== Brief ==
What is needed is a word-for-word copy of the lines below from the one with "The 20 gram" through the one with "We visited The", both included, with every picture left out.

== Data extracts ==
........
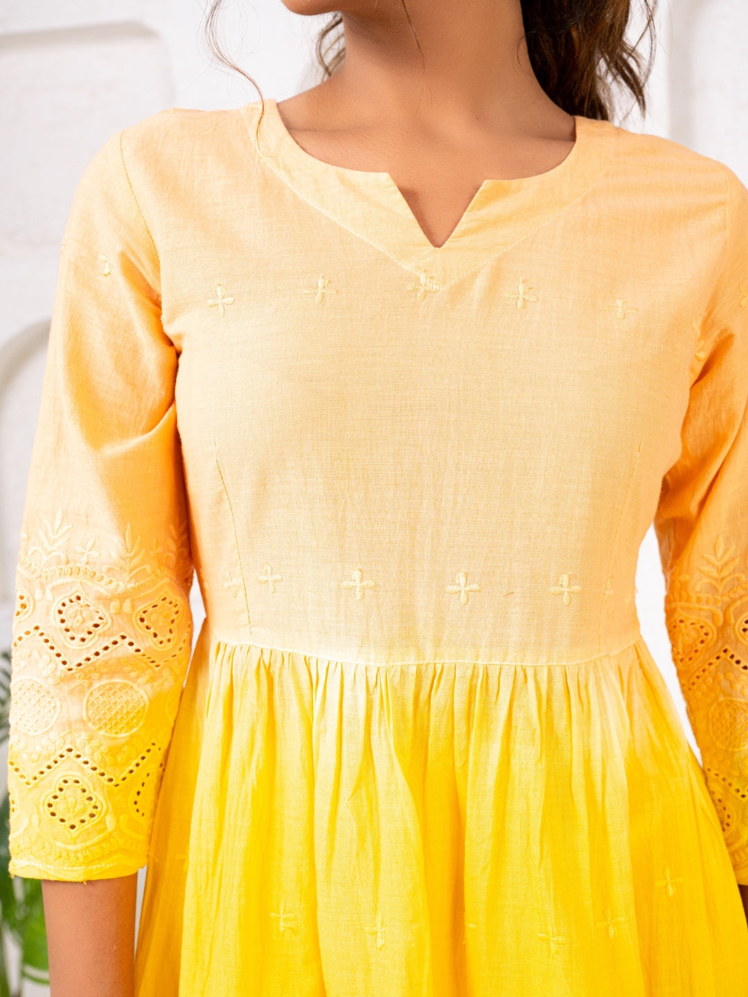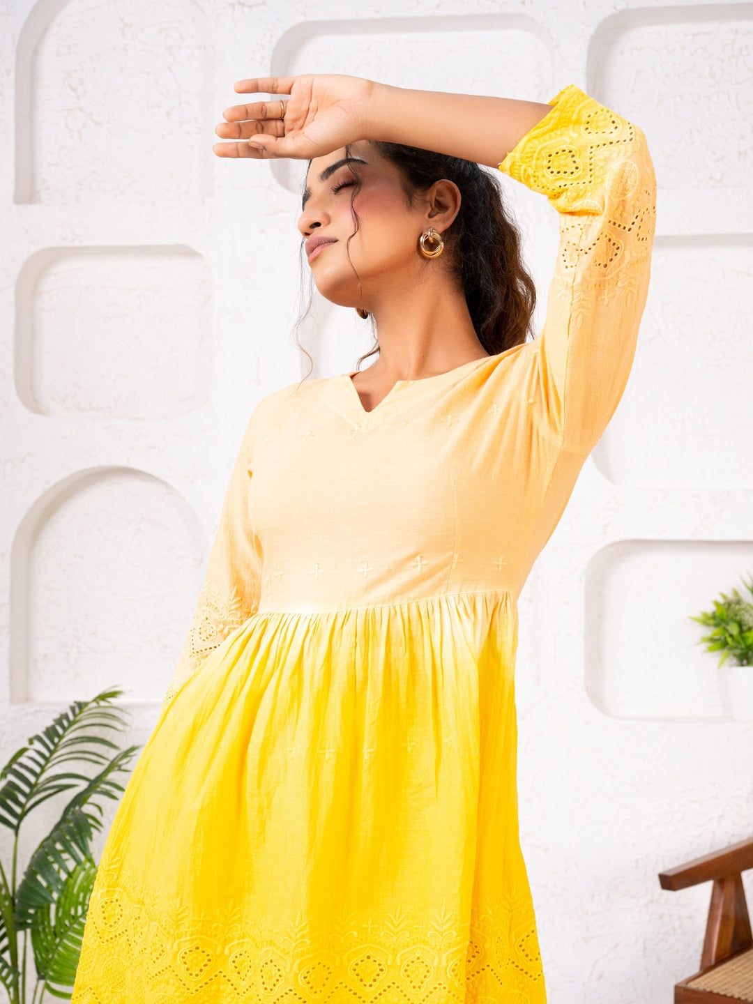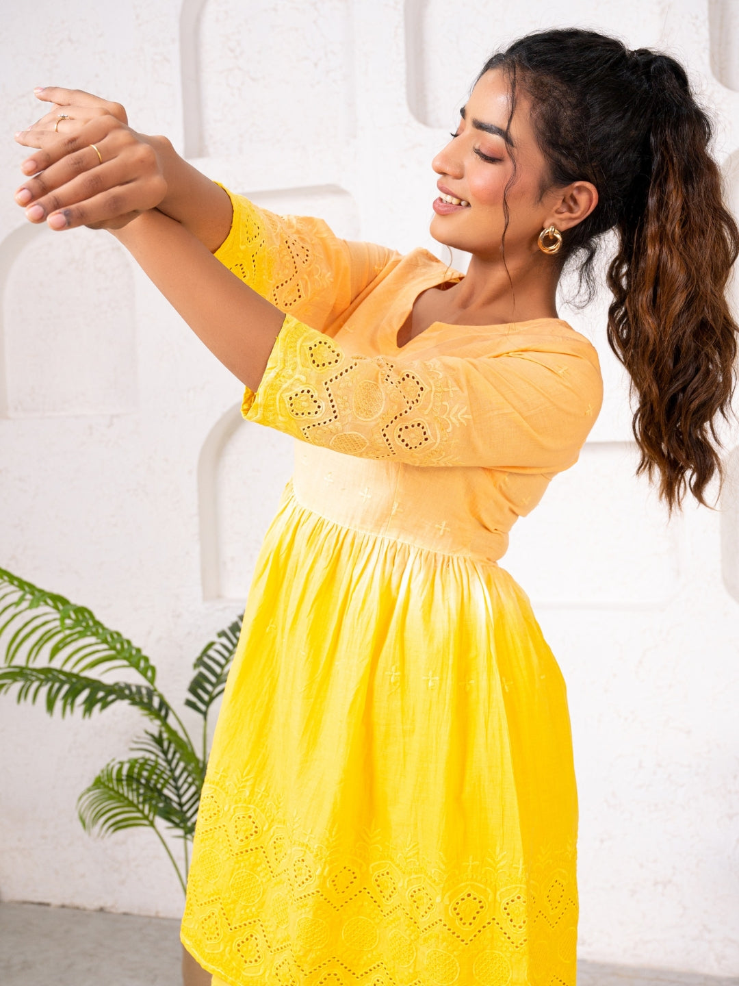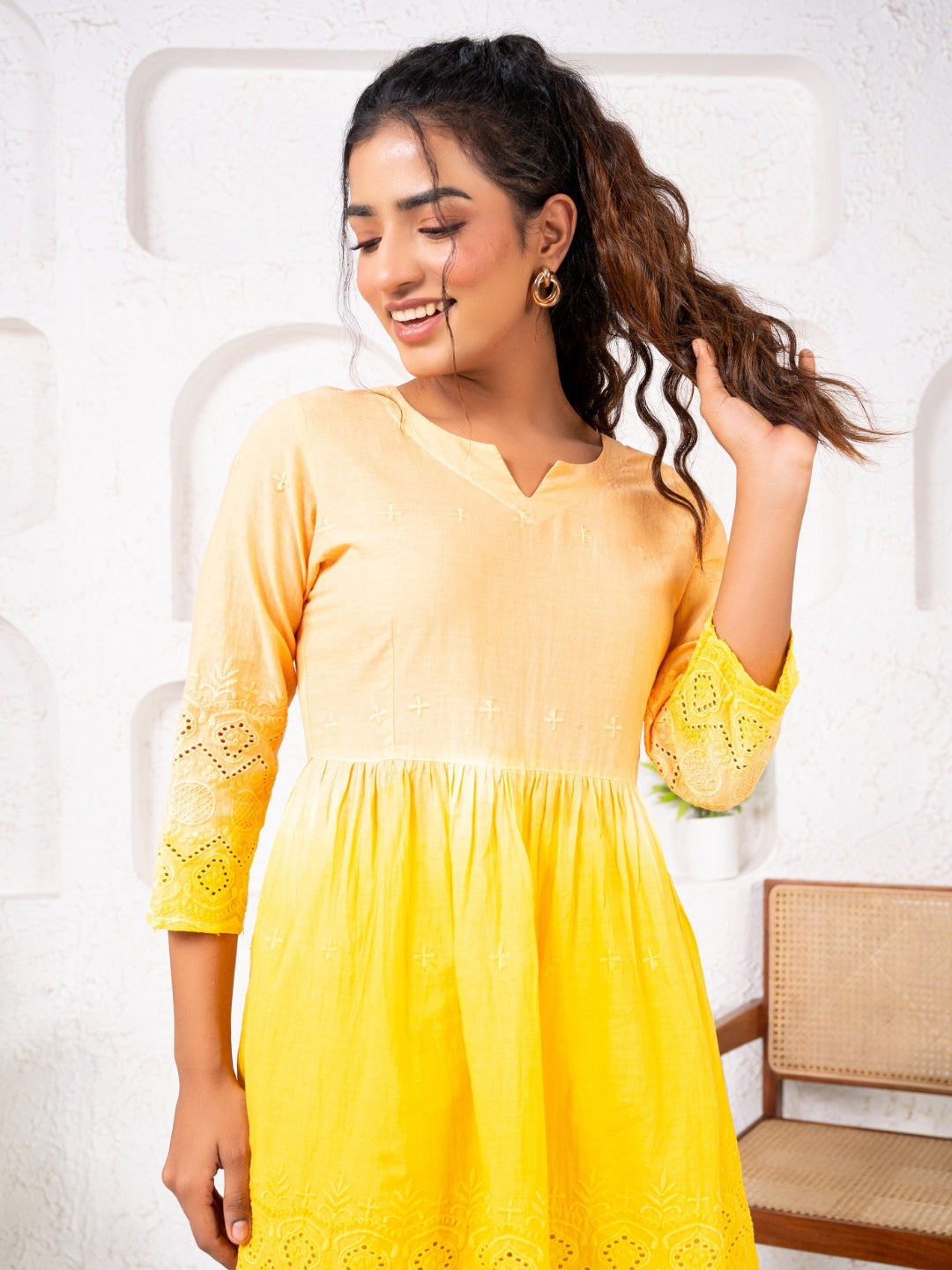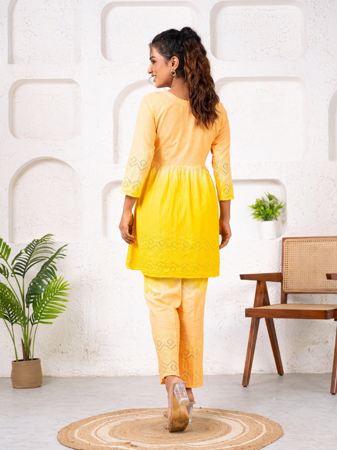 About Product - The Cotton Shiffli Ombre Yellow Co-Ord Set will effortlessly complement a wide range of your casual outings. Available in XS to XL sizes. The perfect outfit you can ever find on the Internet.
........
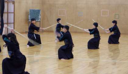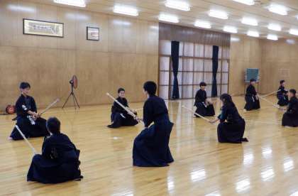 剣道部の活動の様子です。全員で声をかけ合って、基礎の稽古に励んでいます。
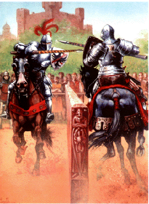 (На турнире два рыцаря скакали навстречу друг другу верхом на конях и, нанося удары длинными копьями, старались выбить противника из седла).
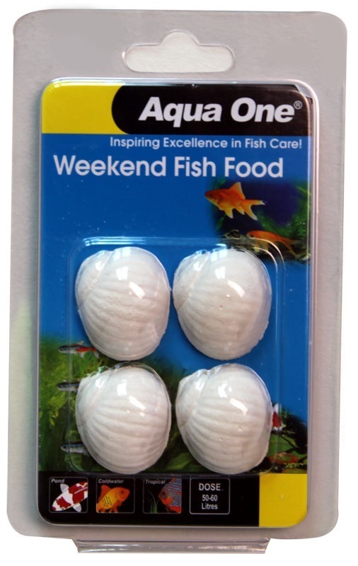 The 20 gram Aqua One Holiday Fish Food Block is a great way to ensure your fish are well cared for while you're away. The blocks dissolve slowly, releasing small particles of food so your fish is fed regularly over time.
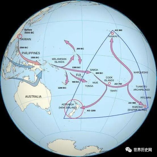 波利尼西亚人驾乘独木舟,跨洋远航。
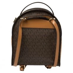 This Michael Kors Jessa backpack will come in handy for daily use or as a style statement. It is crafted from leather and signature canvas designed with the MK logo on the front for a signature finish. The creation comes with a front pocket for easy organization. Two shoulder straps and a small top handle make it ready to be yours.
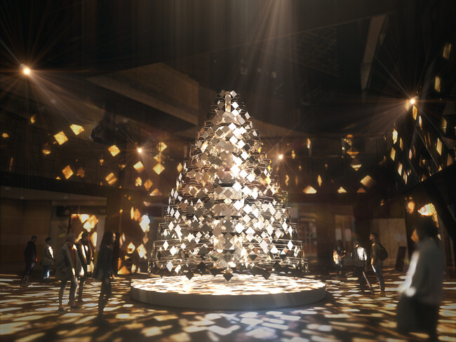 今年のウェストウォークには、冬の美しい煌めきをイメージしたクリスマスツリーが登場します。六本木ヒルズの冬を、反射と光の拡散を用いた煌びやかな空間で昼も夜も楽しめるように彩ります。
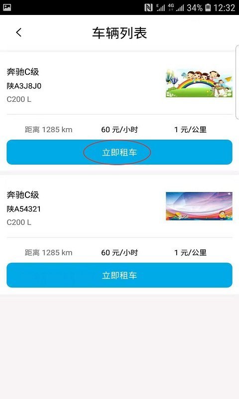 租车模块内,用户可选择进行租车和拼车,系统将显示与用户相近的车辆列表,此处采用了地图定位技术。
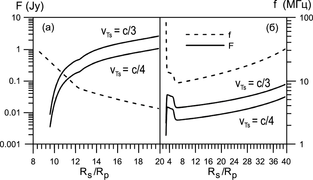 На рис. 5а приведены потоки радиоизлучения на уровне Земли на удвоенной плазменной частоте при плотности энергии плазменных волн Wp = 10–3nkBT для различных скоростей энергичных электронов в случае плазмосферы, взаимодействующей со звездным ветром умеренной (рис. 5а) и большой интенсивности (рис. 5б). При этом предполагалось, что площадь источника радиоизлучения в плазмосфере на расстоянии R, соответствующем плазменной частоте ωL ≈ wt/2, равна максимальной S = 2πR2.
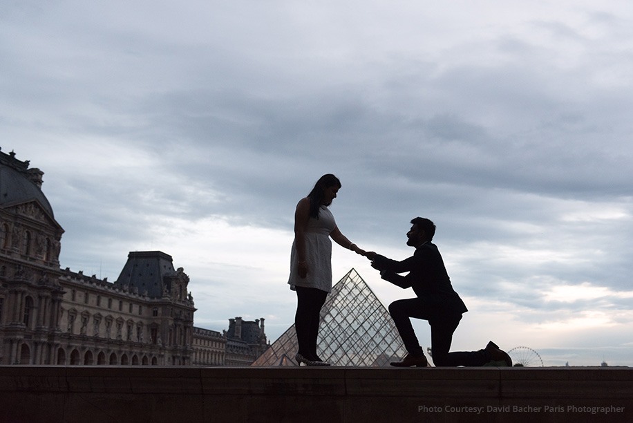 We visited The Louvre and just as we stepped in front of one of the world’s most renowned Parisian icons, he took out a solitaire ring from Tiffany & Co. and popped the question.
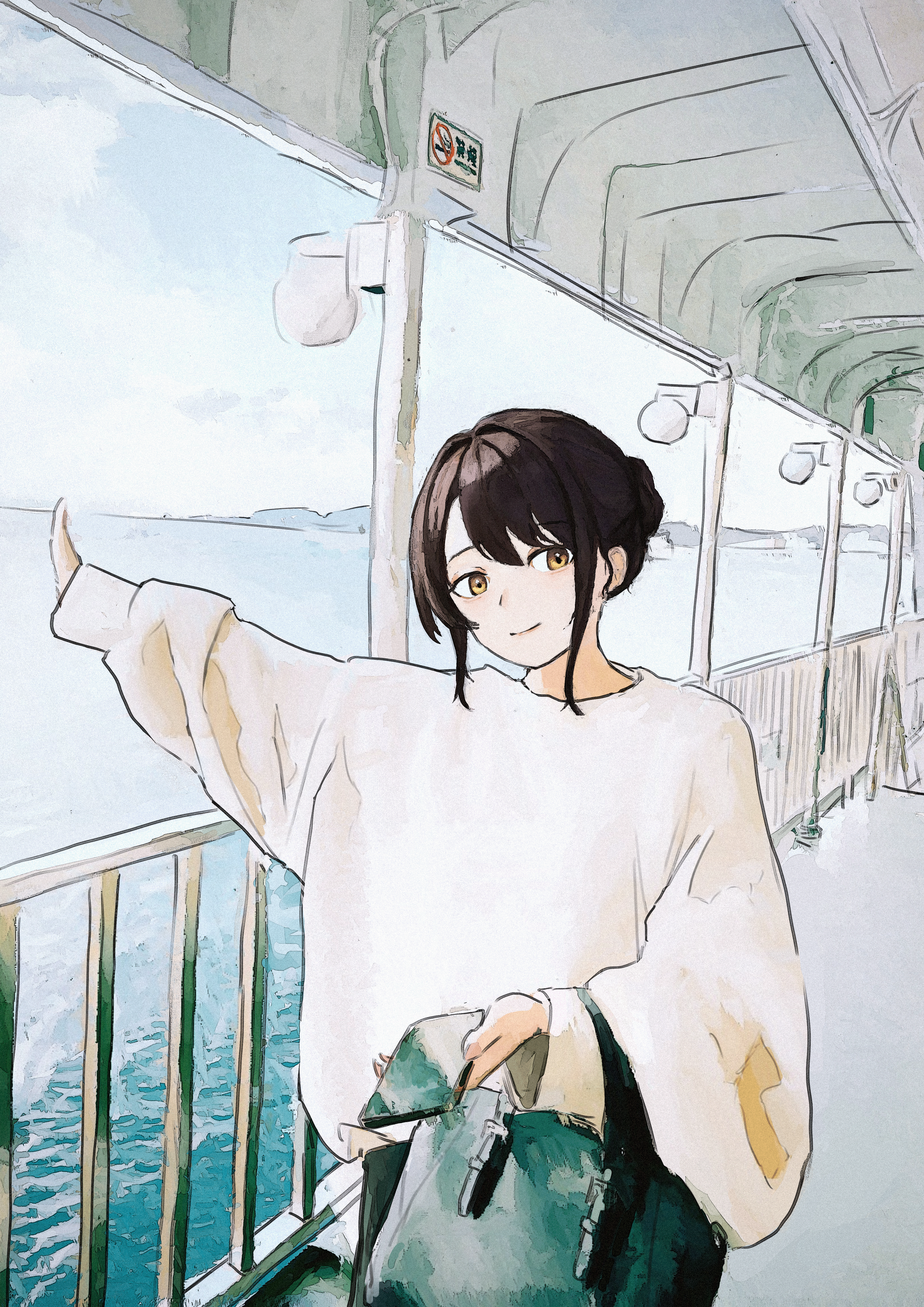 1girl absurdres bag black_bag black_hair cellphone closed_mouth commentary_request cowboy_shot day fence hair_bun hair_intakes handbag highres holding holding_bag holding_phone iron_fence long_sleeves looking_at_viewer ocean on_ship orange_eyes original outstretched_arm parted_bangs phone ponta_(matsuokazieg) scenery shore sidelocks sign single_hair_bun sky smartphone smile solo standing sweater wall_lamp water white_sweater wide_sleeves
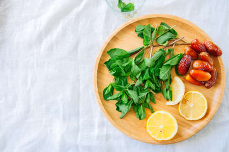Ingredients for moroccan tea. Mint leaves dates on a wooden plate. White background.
........
== Solution to this task ==
 The 20 gram Aqua One Holiday Fish Food Block is a great way to ensure your fish are well cared for while you're away. The blocks dissolve slowly, releasing small particles of food so your fish is fed regularly over time.
 波利尼西亚人驾乘独木舟,跨洋远航。
 This Michael Kors Jessa backpack will come in handy for daily use or as a style statement. It is crafted from leather and signature canvas designed with the MK logo on the front for a signature finish. The creation comes with a front pocket for easy organization. Two shoulder straps and a small top handle make it ready to be yours.
 今年のウェストウォークには、冬の美しい煌めきをイメージしたクリスマスツリーが登場します。六本木ヒルズの冬を、反射と光の拡散を用いた煌びやかな空間で昼も夜も楽しめるように彩ります。
 租车模块内,用户可选择进行租车和拼车,系统将显示与用户相近的车辆列表,此处采用了地图定位技术。
 На рис. 5а приведены потоки радиоизлучения на уровне Земли на удвоенной плазменной частоте при плотности энергии плазменных волн Wp = 10–3nkBT для различных скоростей энергичных электронов в случае плазмосферы, взаимодействующей со звездным ветром умеренной (рис. 5а) и большой интенсивности (рис. 5б). При этом предполагалось, что площадь источника радиоизлучения в плазмосфере на расстоянии R, соответствующем плазменной частоте ωL ≈ wt/2, равна максимальной S = 2πR2.
 We visited The Louvre and just as we stepped in front of one of the world’s most renowned Parisian icons, he took out a solitaire ring from Tiffany & Co. and popped the question.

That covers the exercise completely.